Cyril Féraud (born March 15, 1985 in Digne-les-Bains) is a French radio and television host and audiovisual producer working mainly for the public broadcaster France Télévisions since 2008. Féraud is the host of the game shows Slam, Duels en Familles and La Carte aux Trésors on France 3, in addition to Le Quiz des Champions and 100% Logique on France 2, and a number of live annual events.

He is the founder and manager of the audiovisual production company CyrilProd.

Biography 
Cyril Féraud was born on 15 March 1985 in Digne-les-Bains (Alpes-de-Haute-Provence). He is a only child and was passionate about television game shows from a young age. In the early 2000s, from the age of 16, he sent game ideas to the production team of the show Fort Boyard. After a master's degree in communication and management, he took his first steps in the industry as an assistant for this same programme "which made (him) want to do television".

Féraud began his career as a television host in 2004 at the helm of children's programs Zapping Zone and Art Attack on Disney Channel.

Media career
From 2005 to 2015, Féraud worked as a journalist for the weekly Télé Poche, as a reporter, head of the entertainment section, then as head of information.

In 2006, he made his radio debut as a columnist on Jean-Marc Morandini's Le Grand Direct program on Europe 1, with whom he worked for four seasons on the radio and television on the Morandini! program on Direct 8.

From August 29, 2016 to June 30, 2017, he hosts Midi avec vous on MFM Radio, Monday to Friday from noon to 1 p.m.

Television career 
Spotted by the Française des Jeux, he presented the new Lotto formula live on France 2 in October 2008, which he hosted for three years.
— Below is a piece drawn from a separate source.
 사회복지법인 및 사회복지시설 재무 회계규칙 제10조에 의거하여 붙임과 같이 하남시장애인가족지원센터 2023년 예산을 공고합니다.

Since October 26, 2009, he has hosted every afternoon from Monday to Friday on France 3 the game Slam, which combines quizzes and crosswords. During the first two years, the game tripled the audience of the time slot with 1.4 million viewers on average, quickly making Féraud one of the channel's flagship hosts. Since 1 March 2015, he has been in charge of Le Grand Slam, the weekly version of Slam in which the best candidates in the game compete each Sunday.

From 2010, France 3 entrusts him with the presentation of various programs for the first part of the evening: Le Tournoi d'orthographe (2010), Le Grand Bêtisier (2010), Le Grand Jeu (2011), 300 chœurs pour + de vie (2012). After being the spokesperson for France at the contest in 2011, he was co-commentator for three years on the Eurovision Song Contest live on France 3: 26 May 2012, with Mireille Dumas, live from Baku, Azerbaijan. 18 May 2013, again with Dumas, live from Malmö, Sweden and on 10 May 2014, this time with Natasha St-Pier, in Copenhagen, Denmark.
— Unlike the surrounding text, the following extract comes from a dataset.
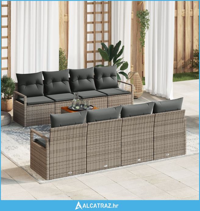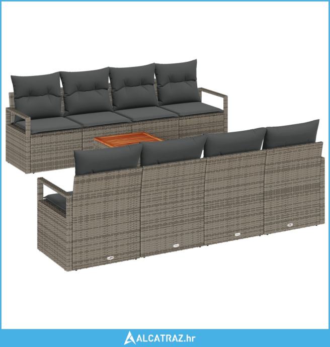 9-dijelni vrtni sofa set s jastučićima siva poli ratan akacija, 2-sjed

In 2011, 2015–2016 and again from 2018 to 2021, he presented the quiz show Personne n’y avait pensé! (an adaptation of Pointless) on France 3, a game of general knowledge in which the candidates must score as less points as possible to win. In January 2018, the game moved to a daily broadcast just before Slam and replaced another game show Harry.

Since April 2018, after campaigning for its return, he has presented the new version of the adventure game show La Carte aux Trésors in prime time on France 3, the show having been absent from the air for nine years.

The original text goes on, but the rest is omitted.